I am usually pretty good on the internet but I cant find anything telling me what models and brands of snowblower I can use with my 3813 tractor. Can anyone give me a list of what I can look for and buy?
Thanks
T


----------



## Wayne195 (Nov 16, 2010)

Welcome to the forum Tony!

Honda attatchments are really rare now since they are no longer made, but they still come around once in a while. My best reccomendation would be to keep an eye on Craigslist or eBay, or make another brand snowblower work on your tractor. I don't know where you are located, but I was able to find a single stage snowblower for your tractor in MN though the price isn't within a reasonable range. Like I said, it may be easiest to have a machine shop make the nessecary changes to another snowblower to make it fit, because you will likely have a VERY tough time finding what you need for a reasonable price.

http://minneapolis.craigslist.org/dak/grd/2706731430.html


----------



## [email protected] (Nov 21, 2011)

Honda did offer a single-stage snowblower for the HT3813 lawn tractor. It was called "Snow thrower kit, HT3810-ST" It has been out of stock since 1990, according to the parts system list. I found a single drawing of it in a catalog from 2001. There was also a dozer blade for that tractor too.
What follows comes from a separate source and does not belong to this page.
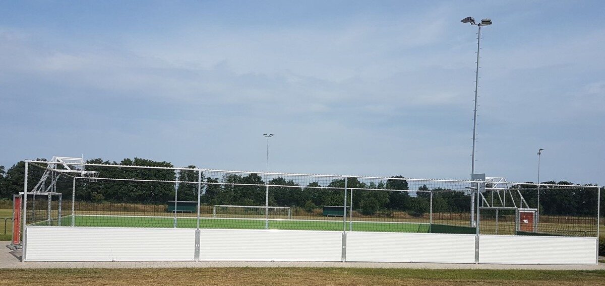 Arena stationär erfüllt alle Anforderungen an eine moderne Soccersportanlage, die auf eine langfristige Nutzung ausgerichtet ist. Wir planen den Court genau auf Ihre Anforderungen zugeschnitten. Bei der Konstruktion bzw. Bodenbefestigung richten wir uns an die vorhandenen Bodengegebenheiten. Die Bandenelemente bestehen aus stahlummantelten Verbundelementen. Die Bandenständer fertigen wir aus korrosionsfreiem Aluminium oder aus Stahl in feuerverzinkter Ausführung an. Die gesamte Konstruktion ist extrem wetterbeständig. Alle Spielfeldgrößen und Torgrößen sind möglich. Auch bei der Netzumrandung kann flexibel gewählt werden ob sie nur an der Torseite oder komplett umrandet angebracht wird.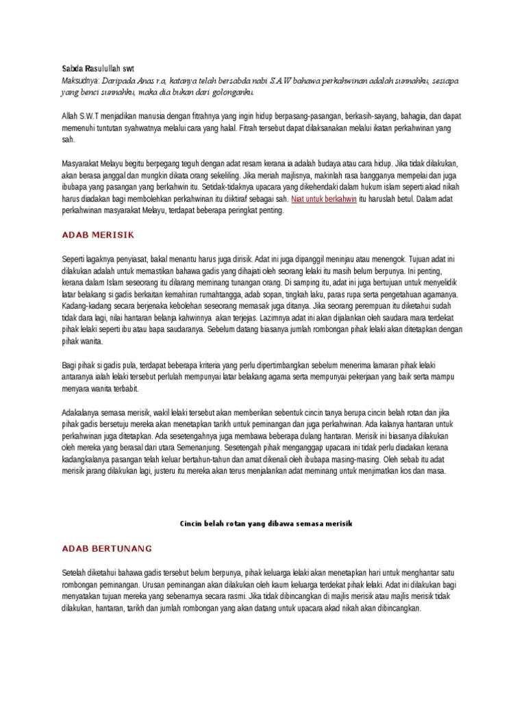 Hukum adat, menjelaskan cara meminang suku serawai dalam perspektif hukum. 2 perempuan dan 1 orang lagi merupakan pimpinan rombongan) . Ilustrasi dan isi kandungan buku ini dalam apa jua bentuk dan dengan cara apa jua. Tata cara melamar gadis sesuai dengan adat palembang, sumatera selatan. Dalam islam hubungan diatur lewat gerbang yang diaebut nikah yang diawali dengan pinangan atau lamaran, dalam adat melayu jambi pinangan dilakukan oleh pihak .

Even if you could find all the individual, loose parts to build one, it would be VERY expensive. 

But, might want to set-up a google-alert for HT3813, HT3810, snow and you never know what might show up one day. 

Caveat: I work for Honda, but the preceding was my opinion alone.


----------



## bwdbrn1 (Nov 24, 2010)

This one is on ebay now, and it's brand new!

Honda 36" snow thrower lawn tractors HT3810 HT3813 ht 4213 Blower snow power | eBay


----------